She is interested in the writings of Geoffrey Chaucer (c. 1340-1400) and other writers of his era, and she teaches late medieval English literature at both undergraduate and MA levels. Because she studies the original hand-written copies of these writings, she often bring elements of the historical and cultural context of Middle English literature into her teaching.
Her research focuses on the dissemination of late medieval English literature in manuscript and early print. Earlier in her career she published articles about Middle English texts and manuscripts, editions of medieval texts, collections of essays, reference works, and studies of computer applications to manuscript studies and of medieval science; but her current research centres on late medieval English scribes, their identities, the places and conditions of their work, and their patrons. At MA level, she teaches palaeography (learning to read and date medieval handwriting) and textual criticism (editing medieval texts from their original sources) as well as codicology (the study of medieval books as artefacts). She is happy to supervise MA dissertations that comprise editions or that study any facet of Middle English literature.

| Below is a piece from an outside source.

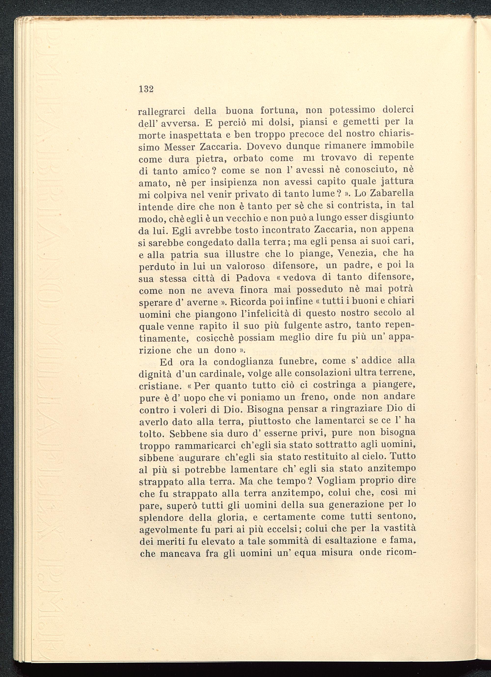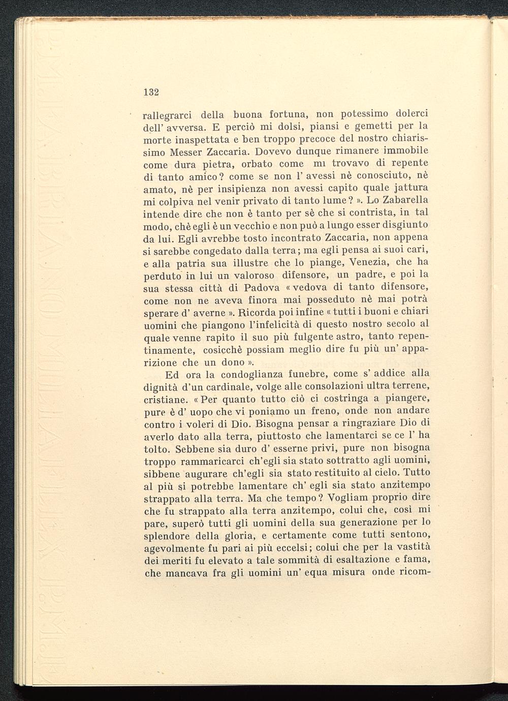 Ed ora la condoglianza funebre, come s' addice alladignità d'un cardinale, volge alle consolazioni ultra terrene,cristiane. « Per quanto tutto ciò ci costringa a piangere,pure è d' uopo che vi poniamo un freno, onde non andarecontro i voleri di Dio. Bisogna pensar a ringraziare Dio diaverlo dato alla terra, piuttosto che lamentarci se ce 1' hatolto. Sebbene sia duro d' esserne privi, pure non bisognatroppo rammaricarci ch'egli sia stato sottratto agli uomini,sibbene augurare ch'egli sia stato restituito al cielo. Tuttoal più si potrebbe lamentare eh' egli sia stato anzitempostrappato alla terra. Ma che tempo ? Vogliam proprio direche fu strappato alla terra anzitempo, colui che, così mipare, superò tutti gli uomini della sua generazione per losplendore della gloria, e certamente come tutti sentono,agevolmente fu pari ai più eccelsi; colui che per la vastitàdei meriti fu elevato a tale sommità di esaltazione e fama,che mancava fra gli uomini un' equa misura onde ricom-

Her focus on the scribes of Middle English literature came to the fore when in 2004 she discovered the identity of the scribe, Adam Pinkhurst, who worked for Chaucer. In 2007-11, she was PI for a major AHRC research grant together with Simon Horobin (CI, Oxford) to discover the identity of other scribes who made the first copies of Middle English literature in the late fourteenth and fifteenth centuries. The results of this research on late medieval scribes is available on the website www.medievalscribes.com, launched in 2011, and in the book (2013), Scribes and the City: London Guildhall Clerks and the Dissemination of Middle English Literature, co-authored with Estelle Stubbs who was the RA on that project. Another major project recently brought near to completion is the web-based searchable Digital Index of Middle English Verse, prepared with Daniel Mosser of Virginia Tech and Elizabeth Solopova of Oxford, and launched in July 2013 on www.DIMEV.net. She is a member of the Medieval Manuscripts Research Consortium, a cooperative of UK specialists in late medieval textual culture who in 2011-13 were funded by a grant from JISC to create a website of medieval manuscript resources, available at www.manuscriptsonline.org. She is one of three officers of the Early Book Society and associate editor of The Journal of the Early Book Society.
Linne Mooney's research interests include editing of Middle English texts, manuscript studies, studies of authorship and distribution of Middle English texts, and new historical studies of Middle English authors and texts.